Skip to main content

404 Capture Log

An observer records every 404 your storefront serves, aggregates them by (request_path, store_id), and lets editors create redirects for the ones that matter most without leaving the admin.

Why capture 404s

Most stores have hidden 404 traffic from:

  • Old URLs from a pre-Magento site that still get linked to
  • Blog post URLs that changed when the content was rewritten
  • Product URLs from a catalog migration where url_keys changed
  • Deep-links from broken external sites

Without a capture system you only learn about these from sporadic Search Console reports. With one, you see every hit, sorted by frequency, with referrer + user-agent context.

Configuration

Stores → Configuration → SEO Suite → Redirects & 404 capture

FieldDefault
Capture 404s into the logNo
404 log retention (days)90
Additional ignore patterns(empty — defaults already cover sensible noise)
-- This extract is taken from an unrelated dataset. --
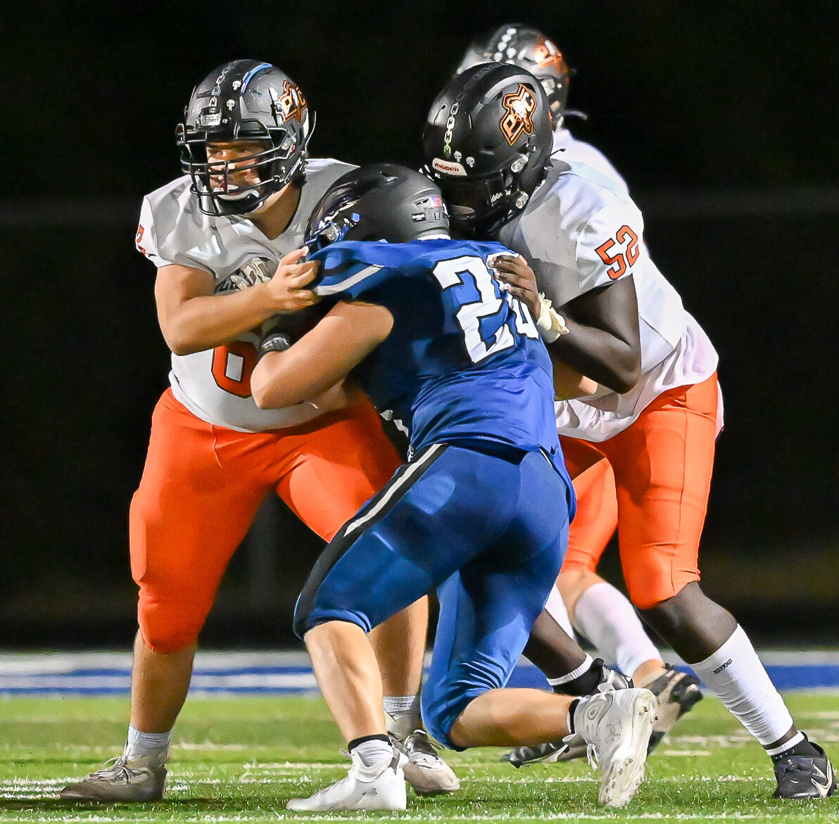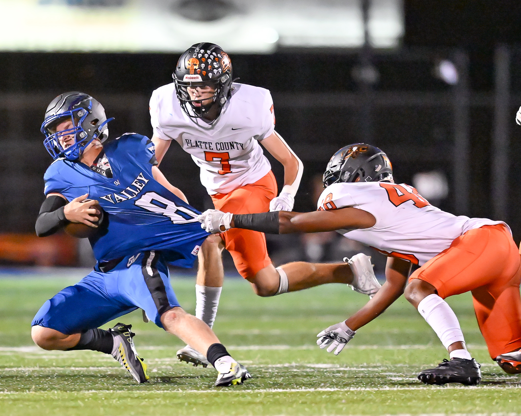 Without McDowell, Platte County again looked undersized against a trapping Grain Valley offensive line with senior Mar’Ques Brown (three tackles) and sophomore Kameron Doyle (two tackles for loss) starting inside, and junior Kohry Woessner (six tackles), Bradley (three tackles) and senior Blake Rueckert (three tackles) frequently rotating inside and out and Fulk (one tackle) contributing as a defensive tackle.

Per-store overrides supported.

Default ignore patterns

The capture observer skips paths matching:

/static/*, /media/*, /pub/static/*, /pub/media/*,
/api/*, /rest/*, /graphql*,
*.map, *.ico, *.txt, *.xml,
/favicon*, /apple-touch-icon*

These are static-asset 404s, robots.txt probes, sitemap requests, sourcemap fetches — noise that would dwarf your real 404 traffic. Add additional site-specific patterns via the config field (one per line, * wildcard supported).

How aggregation works

The observer doesn't insert one row per 404 hit — it INSERT … ON DUPLICATE KEY UPDATEs on (request_path, store_id):

  • First hit → new row with hit_count = 1
  • Subsequent hits → hit_count incremented, last_seen updated, latest referrer and user_agent overwritten
  • query_string overwritten on each hit (last-wins)
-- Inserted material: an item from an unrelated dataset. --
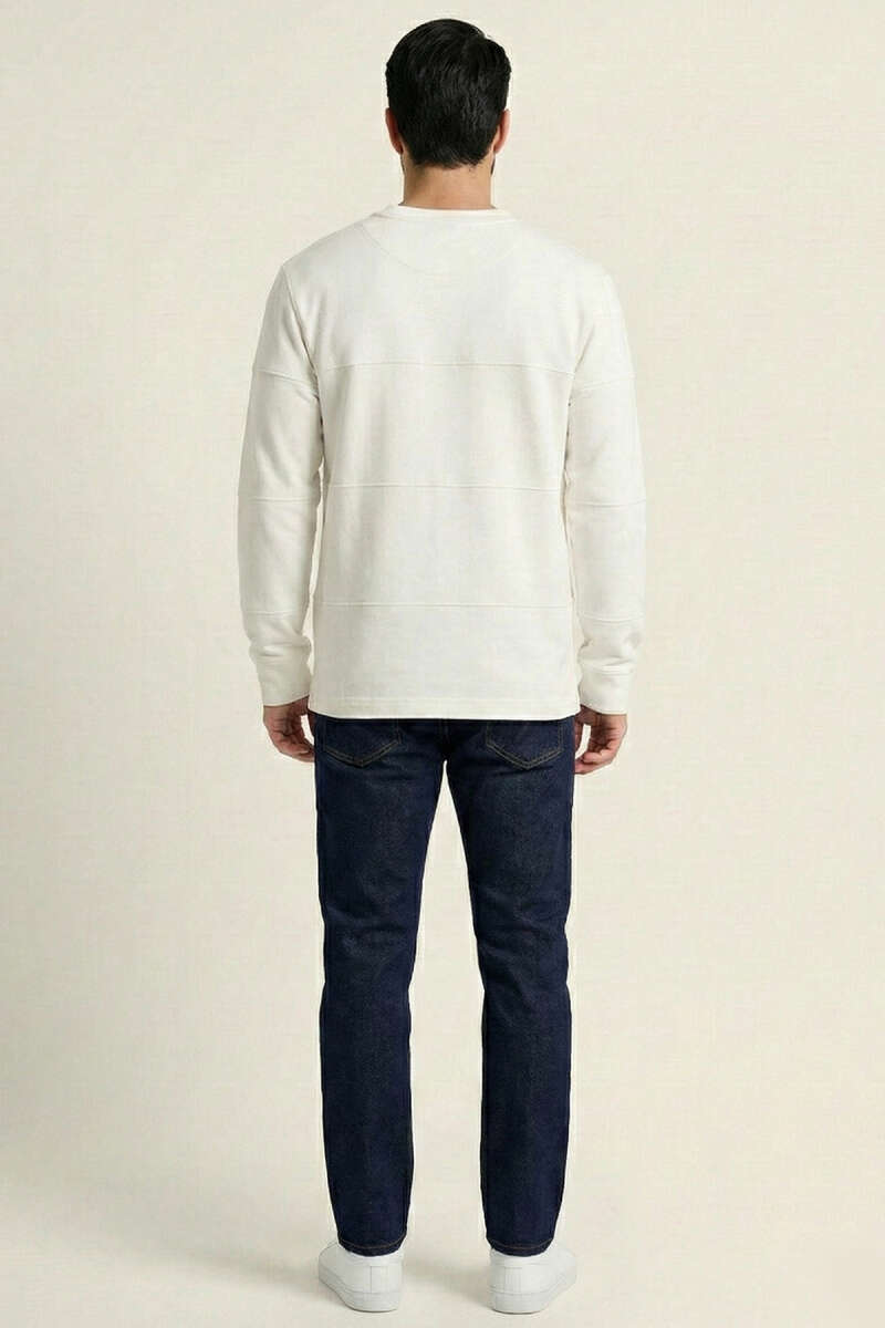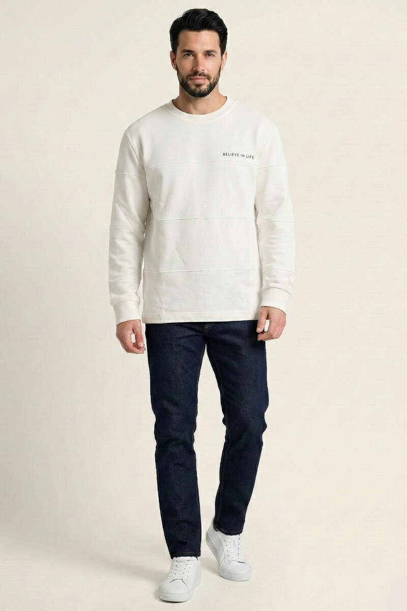 Bisiklet Yaka Kol Ribanalı Erkek Sweatshirt Beyaz

So a path that's hit 1000 times produces one row with hit_count = 1000, not 1000 rows.

Admin grid

Marketing → SEO Suite → 404 Capture Log

Default sort: hit_count DESC so the worst offenders surface first.

ColumnNotes
IDInternal entity_id
HitsTotal since first_seen for this path
PathThe 404'd request_path
Query stringLast query string seen
StoreStore ID where the 404 occurred
Last referrerMost recent referrer header
Last UAMost recent user-agent (truncated to 510 chars)
ResolvedYes when a redirect has been created for this path
First seen / Last seenTimestamps

Per-row action: Create redirect — only shown when not resolved. Lands you on the redirect form with request_path pre-populated.

Workflow: from 404 to 301

  1. Editor opens the 404 Capture Log → sees /old-product-page.html with 247 hits, last hit yesterday
  2. Clicks Create redirect → redirect form opens with request_path = old-product-page.html
  3. Editor fills in target_path = new-product-page.html, picks 301
  4. Save → RedirectManager creates the rewrite + sidecar row + marks the 404 entry as resolved
  5. Future 404s for this path cease (request now serves a 301)
  6. Existing 404 row stays in the grid as resolved=Yes for audit history

Daily purge cron

byte8_seosuite_purge_404_log runs at 30 3 * * *. Purges entries with last_seen < (now - retention_days). Multi-store installs use the LARGEST retention configured across stores, so no store loses data another store wanted to keep.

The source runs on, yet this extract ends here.